(TASK MATERIAL begins)

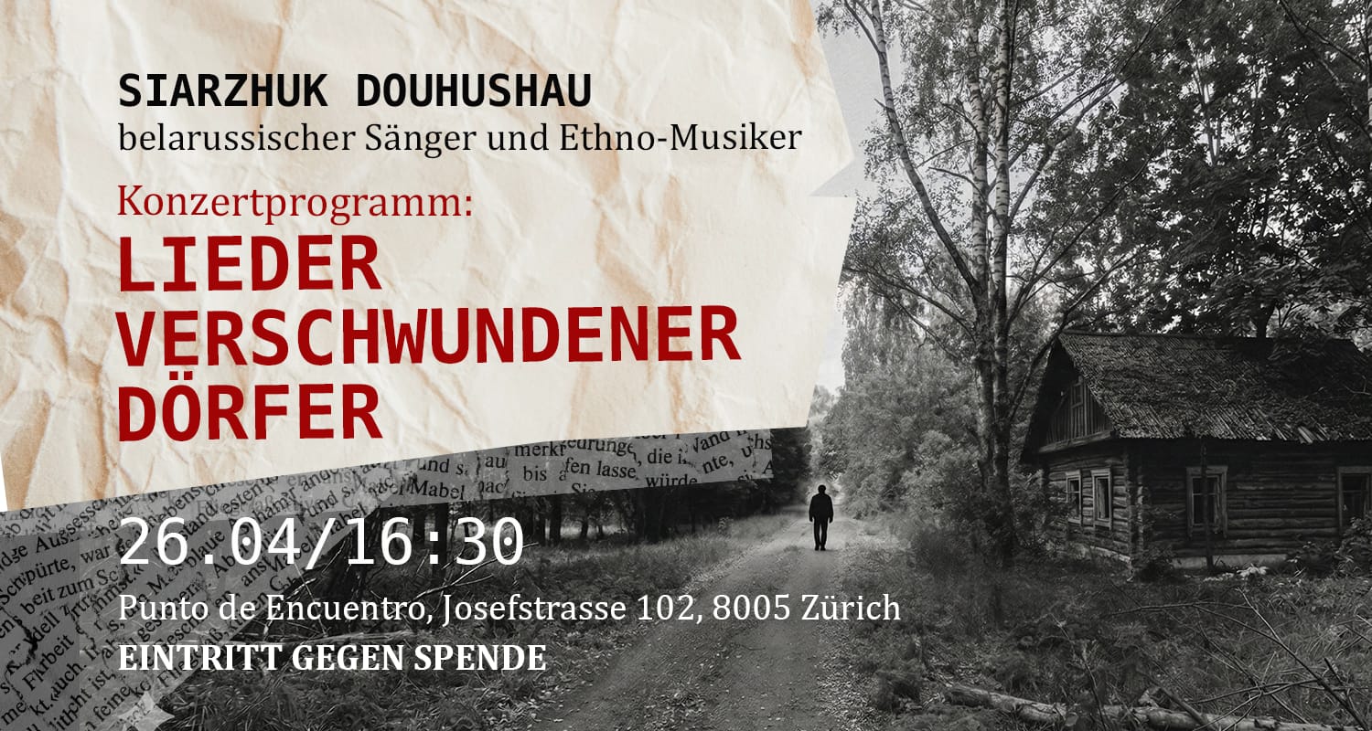 Wir laden Sie herzlich zu dem Konzertprogramm «Lieder der verschwundenen Dörfer» ein, vorgetragen von Siarhej Douhuschau, einem bekannten belarussischen Sänger und Ethnomusiker. Auf dem Programm stehen traditionelle Lieder aus den von der Tschernobyl-Katastrophe betroffenen Regionen in Belarus und der Ukraine, begleitet von der Drehleier sowie von traditionellen Blasinstrumenten.
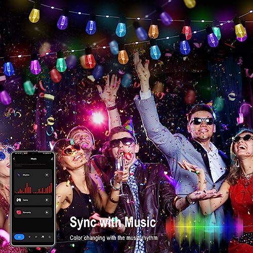 RGB Color&Sync with Music: Comes with a choice of 16 million colors and warm white color, this patio string lights can bring you a colorful life. With three dynamic music modes, watch in awe as the lights synchronize and dance to the rhythm of your favorite tunes. Let the vibrant colors and captivating effects create an immersive audio-visual journey.
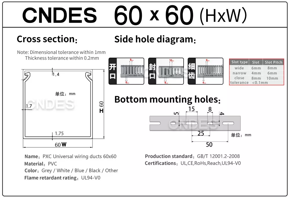 ด้วยโปรไฟล์สี่เหลี่ยมจัตุรัสที่สมดุล ท่อสายเคเบิล PVC ขนาด 60×60 รองรับสายไฟ สายไฟควบคุม และสายสัญญาณได้อย่างมีประสิทธิภาพ ในขณะที่ยังคงรักษาการแยกที่ชัดเจนและเข้าถึงได้ง่ายภายในตู้ควบคุม
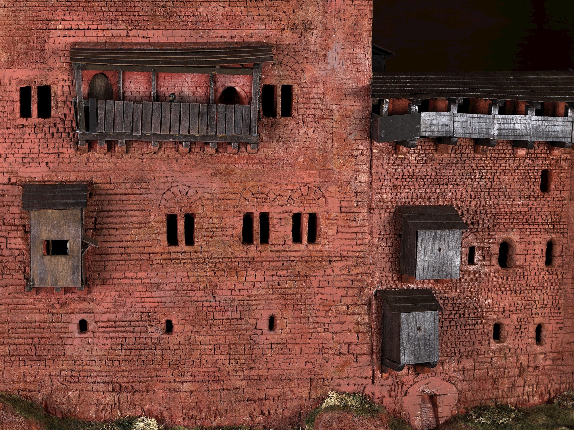 Maquette du château de Rathsamhausen, échelle 1/50. Réalisation : Etienne Fritsch, pour le compte de l’association Les amis des châteaux d’Ottrott (AMCHOTT), 2019.
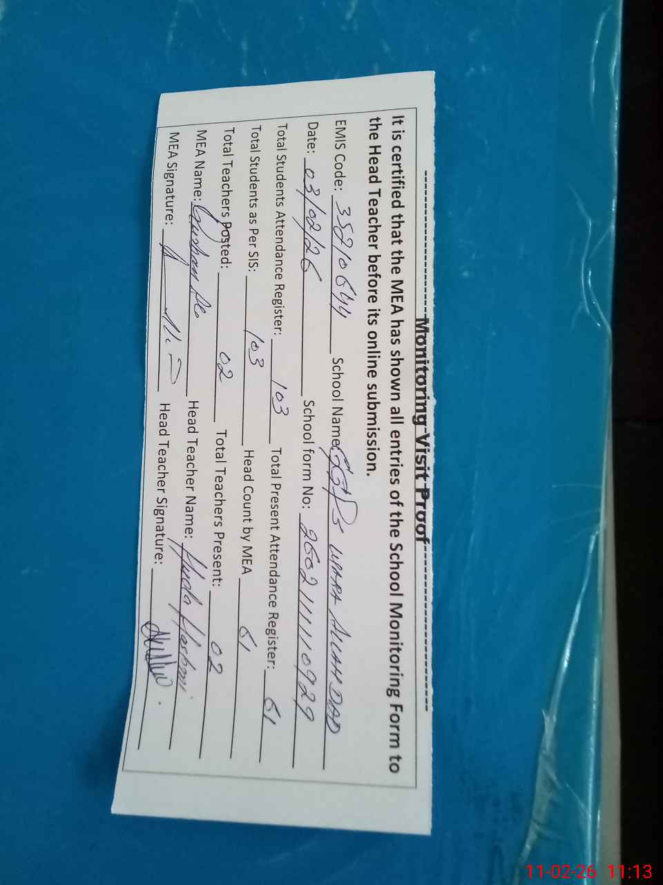 | Attendance Register | Head Teacher | MEA with School | Visit Proof |
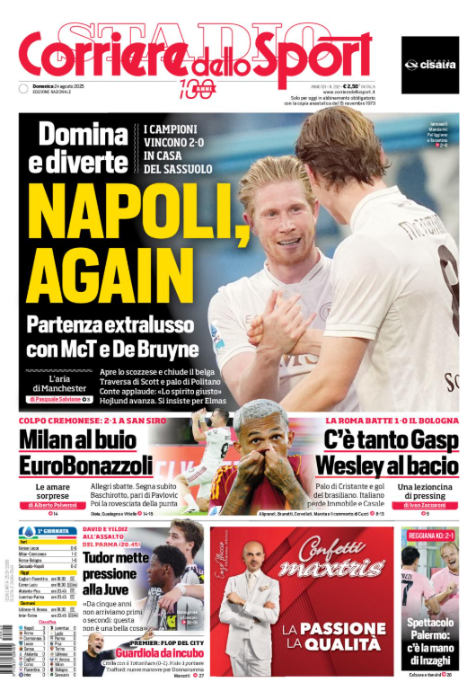 Il 'Corriere dello Sport' oggi in edicola, in prima pagina, apre con la Serie A. Napoli again. Milan al buio. EuroBonazzoli. C'è tanto Gasperini. Wesley al bacio. Tudor mette pressione alla Juventus. Spettacolo Palermo. Guardiola da incubo. PROSSIMA SCHEDA
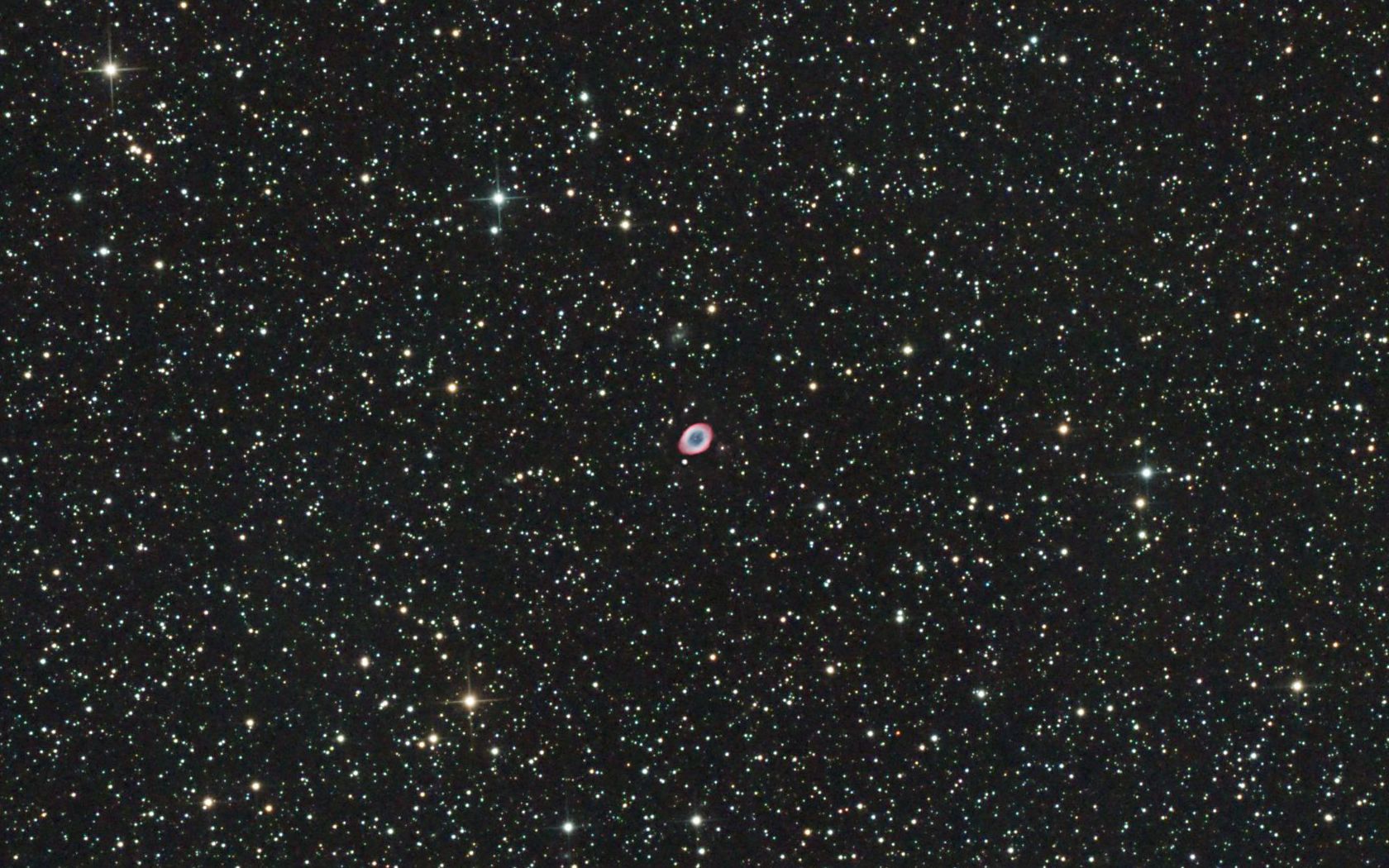 M57 has a very wide range of brightness levels, making it difficult to process. Outside of the main nebula there is a faint outer OIII shell which can just be seen in the 2022 image. The small barred spiral galaxy which can be seen near the nebula is IC1296/PGC62532 and is approx 245 million light years away.
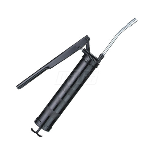 This grease gun allows single-handed operation, ideal for hard-to-reach areas. It features an easy-loading mechanism and a baked enamel finish for enhanced durability.

(TASK MATERIAL ends)

■ **DESCRIPTION OF THE TASK**:
The reply has to reproduce every line above verbatim and contain no pictures.

■ **TASK ANSWER**:
 Wir laden Sie herzlich zu dem Konzertprogramm «Lieder der verschwundenen Dörfer» ein, vorgetragen von Siarhej Douhuschau, einem bekannten belarussischen Sänger und Ethnomusiker. Auf dem Programm stehen traditionelle Lieder aus den von der Tschernobyl-Katastrophe betroffenen Regionen in Belarus und der Ukraine, begleitet von der Drehleier sowie von traditionellen Blasinstrumenten.
 RGB Color&Sync with Music: Comes with a choice of 16 million colors and warm white color, this patio string lights can bring you a colorful life. With three dynamic music modes, watch in awe as the lights synchronize and dance to the rhythm of your favorite tunes. Let the vibrant colors and captivating effects create an immersive audio-visual journey.
 ด้วยโปรไฟล์สี่เหลี่ยมจัตุรัสที่สมดุล ท่อสายเคเบิล PVC ขนาด 60×60 รองรับสายไฟ สายไฟควบคุม และสายสัญญาณได้อย่างมีประสิทธิภาพ ในขณะที่ยังคงรักษาการแยกที่ชัดเจนและเข้าถึงได้ง่ายภายในตู้ควบคุม
 Maquette du château de Rathsamhausen, échelle 1/50. Réalisation : Etienne Fritsch, pour le compte de l’association Les amis des châteaux d’Ottrott (AMCHOTT), 2019.
 | Attendance Register | Head Teacher | MEA with School | Visit Proof |
 Il 'Corriere dello Sport' oggi in edicola, in prima pagina, apre con la Serie A. Napoli again. Milan al buio. EuroBonazzoli. C'è tanto Gasperini. Wesley al bacio. Tudor mette pressione alla Juventus. Spettacolo Palermo. Guardiola da incubo. PROSSIMA SCHEDA
 M57 has a very wide range of brightness levels, making it difficult to process. Outside of the main nebula there is a faint outer OIII shell which can just be seen in the 2022 image. The small barred spiral galaxy which can be seen near the nebula is IC1296/PGC62532 and is approx 245 million light years away.
 This grease gun allows single-handed operation, ideal for hard-to-reach areas. It features an easy-loading mechanism and a baked enamel finish for enhanced durability.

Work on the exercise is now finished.